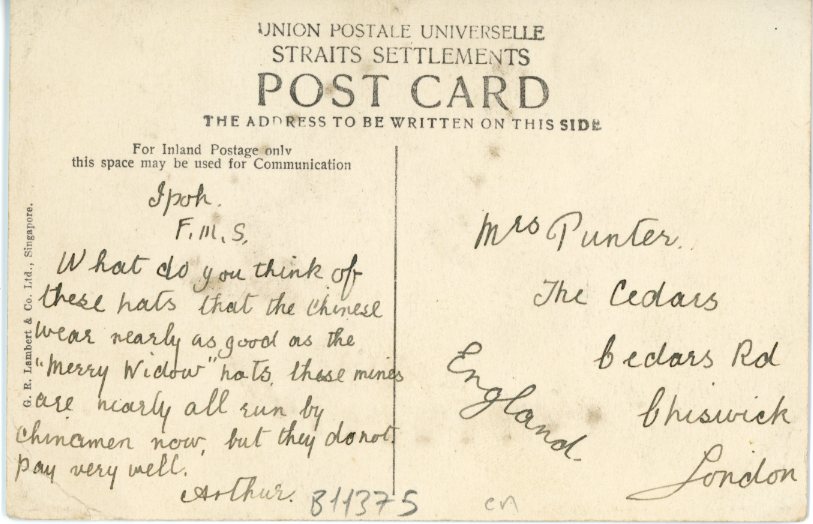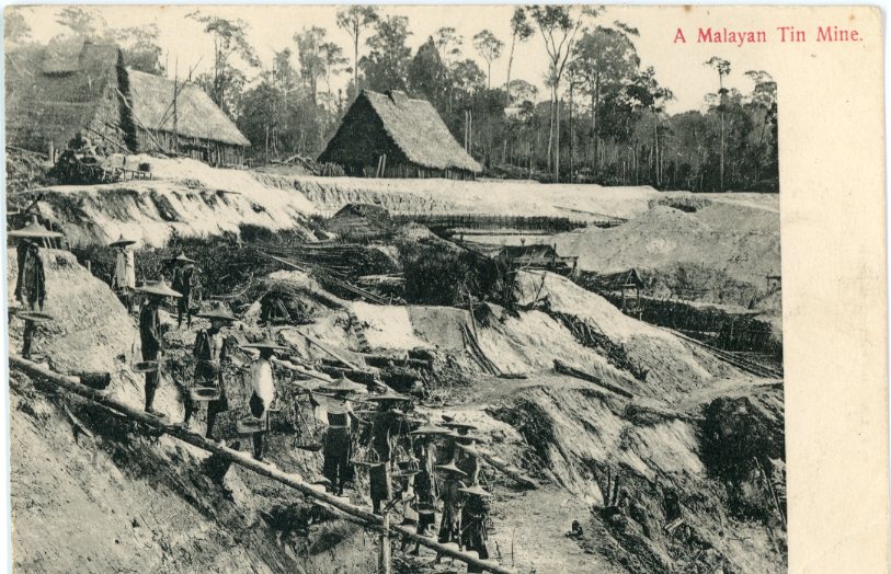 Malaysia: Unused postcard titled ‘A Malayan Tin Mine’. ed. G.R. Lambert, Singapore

----

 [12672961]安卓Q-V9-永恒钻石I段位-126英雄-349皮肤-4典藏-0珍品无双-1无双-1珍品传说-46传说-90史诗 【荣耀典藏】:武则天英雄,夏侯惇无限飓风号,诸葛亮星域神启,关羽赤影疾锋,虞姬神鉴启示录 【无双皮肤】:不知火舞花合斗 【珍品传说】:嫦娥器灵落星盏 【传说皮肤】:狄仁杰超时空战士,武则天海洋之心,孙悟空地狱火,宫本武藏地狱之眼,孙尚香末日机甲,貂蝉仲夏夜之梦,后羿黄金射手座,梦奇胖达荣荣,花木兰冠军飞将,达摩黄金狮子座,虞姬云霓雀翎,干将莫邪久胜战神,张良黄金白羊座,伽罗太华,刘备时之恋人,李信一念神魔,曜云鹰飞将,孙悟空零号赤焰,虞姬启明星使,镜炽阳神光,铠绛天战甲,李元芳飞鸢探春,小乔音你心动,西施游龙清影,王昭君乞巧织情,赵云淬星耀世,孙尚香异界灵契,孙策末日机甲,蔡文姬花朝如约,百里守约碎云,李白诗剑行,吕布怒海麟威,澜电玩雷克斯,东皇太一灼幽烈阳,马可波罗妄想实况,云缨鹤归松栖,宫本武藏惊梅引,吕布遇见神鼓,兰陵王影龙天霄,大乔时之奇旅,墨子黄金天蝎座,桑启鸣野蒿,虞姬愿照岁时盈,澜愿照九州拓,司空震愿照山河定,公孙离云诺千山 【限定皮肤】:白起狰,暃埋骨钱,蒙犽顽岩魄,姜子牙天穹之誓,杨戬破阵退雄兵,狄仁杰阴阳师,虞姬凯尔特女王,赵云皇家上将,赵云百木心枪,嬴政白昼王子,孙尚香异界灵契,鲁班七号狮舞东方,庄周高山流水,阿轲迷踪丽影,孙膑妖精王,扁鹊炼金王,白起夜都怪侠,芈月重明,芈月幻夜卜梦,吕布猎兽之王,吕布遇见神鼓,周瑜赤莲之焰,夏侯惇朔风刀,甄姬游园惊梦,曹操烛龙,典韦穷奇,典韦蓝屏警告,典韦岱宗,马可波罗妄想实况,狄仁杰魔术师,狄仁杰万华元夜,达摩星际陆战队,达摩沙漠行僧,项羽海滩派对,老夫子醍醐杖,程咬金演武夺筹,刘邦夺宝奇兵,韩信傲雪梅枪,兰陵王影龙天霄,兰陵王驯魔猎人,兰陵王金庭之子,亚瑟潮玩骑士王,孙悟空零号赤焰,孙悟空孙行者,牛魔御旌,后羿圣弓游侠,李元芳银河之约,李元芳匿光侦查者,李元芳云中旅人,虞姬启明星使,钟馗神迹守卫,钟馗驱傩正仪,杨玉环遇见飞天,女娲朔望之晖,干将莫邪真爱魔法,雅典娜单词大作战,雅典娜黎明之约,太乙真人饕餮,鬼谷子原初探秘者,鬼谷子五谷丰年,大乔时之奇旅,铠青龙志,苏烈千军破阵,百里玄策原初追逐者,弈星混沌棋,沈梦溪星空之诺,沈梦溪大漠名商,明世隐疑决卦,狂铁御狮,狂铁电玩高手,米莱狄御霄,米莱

----

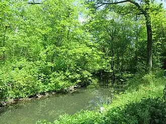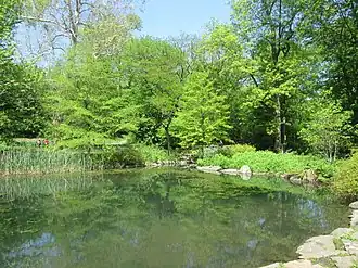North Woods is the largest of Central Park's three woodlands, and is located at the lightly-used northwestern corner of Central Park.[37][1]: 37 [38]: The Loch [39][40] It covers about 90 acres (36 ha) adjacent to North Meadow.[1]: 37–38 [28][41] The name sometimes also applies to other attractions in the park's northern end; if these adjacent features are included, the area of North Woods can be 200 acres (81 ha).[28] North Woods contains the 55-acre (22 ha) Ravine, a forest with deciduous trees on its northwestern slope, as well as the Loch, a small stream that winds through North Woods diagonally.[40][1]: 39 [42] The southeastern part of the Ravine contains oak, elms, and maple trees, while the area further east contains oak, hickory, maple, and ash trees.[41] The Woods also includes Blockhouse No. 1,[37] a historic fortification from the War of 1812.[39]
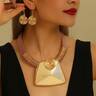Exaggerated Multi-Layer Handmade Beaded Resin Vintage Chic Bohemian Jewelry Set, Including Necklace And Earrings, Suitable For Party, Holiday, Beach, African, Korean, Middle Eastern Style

----

• **Work required**
Keep to the lines above from the line with "North Woods is" to the line with "Exaggerated Multi-Layer Handmade", and set down exactly those, inclusive, with nothing else and every picture left out.

• **Answer area**
North Woods is the largest of Central Park's three woodlands, and is located at the lightly-used northwestern corner of Central Park.[37][1]: 37 [38]: The Loch [39][40] It covers about 90 acres (36 ha) adjacent to North Meadow.[1]: 37–38 [28][41] The name sometimes also applies to other attractions in the park's northern end; if these adjacent features are included, the area of North Woods can be 200 acres (81 ha).[28] North Woods contains the 55-acre (22 ha) Ravine, a forest with deciduous trees on its northwestern slope, as well as the Loch, a small stream that winds through North Woods diagonally.[40][1]: 39 [42] The southeastern part of the Ravine contains oak, elms, and maple trees, while the area further east contains oak, hickory, maple, and ash trees.[41] The Woods also includes Blockhouse No. 1,[37] a historic fortification from the War of 1812.[39]
Exaggerated Multi-Layer Handmade Beaded Resin Vintage Chic Bohemian Jewelry Set, Including Necklace And Earrings, Suitable For Party, Holiday, Beach, African, Korean, Middle Eastern Style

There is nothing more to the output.